Abstract:
Disclosed is a read-out circuit for use with semiconductor memory devices such as image memories comprising both a group of randomly accessible memory cells and serial registers that are serially accessed. The read-out circuit contains presetting means for presetting the output side of a column selector of the memory before signal read-out. This prevents the drop in performance margin attributable to boosted parasitic capacity on the column selector output side.

Description:
BACKGROUND OF THE INVENTION 
     1. Field of the Invention 
     The present invention relates to a read-out circuit for use with semiconductor memory devices and, more particularly, to a read-out circuit comprising first selecting means for selectively reading data from a plurality of memory means; first data storing means for storing the data read out by the selecting means; transferring means for transferring the data stored in the first data storing means in synchronism with an external clock signal; second data storing means for storing the data sent from the transferring means; and second selecting means for selectively outputting to an output port the data stored in the second data storing means. 

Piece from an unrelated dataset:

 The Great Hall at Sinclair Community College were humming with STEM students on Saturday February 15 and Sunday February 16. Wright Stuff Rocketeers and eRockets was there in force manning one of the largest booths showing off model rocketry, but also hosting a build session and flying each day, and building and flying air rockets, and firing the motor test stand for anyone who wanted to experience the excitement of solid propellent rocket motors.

     2. Description of the Prior Art 
     Image memories generally contain both a group of matrix type memory cells (e.g., DRAM or SRAM memory array) that are randomly accessible, and serial registers that are serially accessible. The two sets of memory elements are interfaced through the so-called read-out circuit. The typical prior art read-out circuit is illustratively constructed as shown in FIG. 7. 

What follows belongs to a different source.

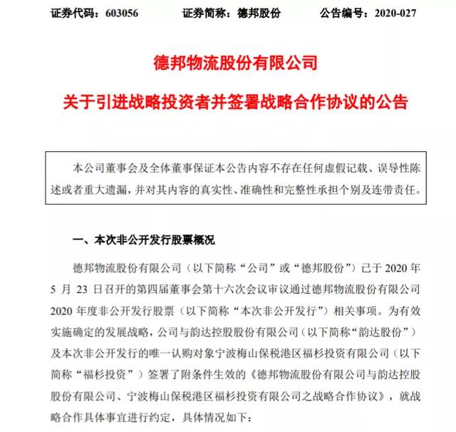 濟南物流公司:韻達戰略投資德邦,占股約6.5%,快遞投資并購好戲開始?

     In FIG. 7, reference characters SA represent a sense amplifier each. Each sense amplifier amplifies the data that is read from a memory cell to a bit line BL. The data coming from the memory cell and amplified by the sense amplifier SA is transferred through first selecting means (comprising column selectors Qc, Qc, . . . ) to first data storing means F.F.D. The data storing means F.F.D is illustratively a single-bit register made of a flip-flop device. 
     The data stored in the first data storing means F.F.D is transferred to second data storing means F.F.S in synchronism with an external clock signal. More specifically, the data is transferred via an MOS transistor Qt that is switched in accordance with a transfer signal T. 
     The second data storing means F.F.S is illustratively a single-bit register comprised of a flip-flop device. The data stored in the second data storing means F.F.S is read out onto a data bus via second selecting means (containing Y selectors Qy, Qy, . . . ) receiving a Y select signal Y. 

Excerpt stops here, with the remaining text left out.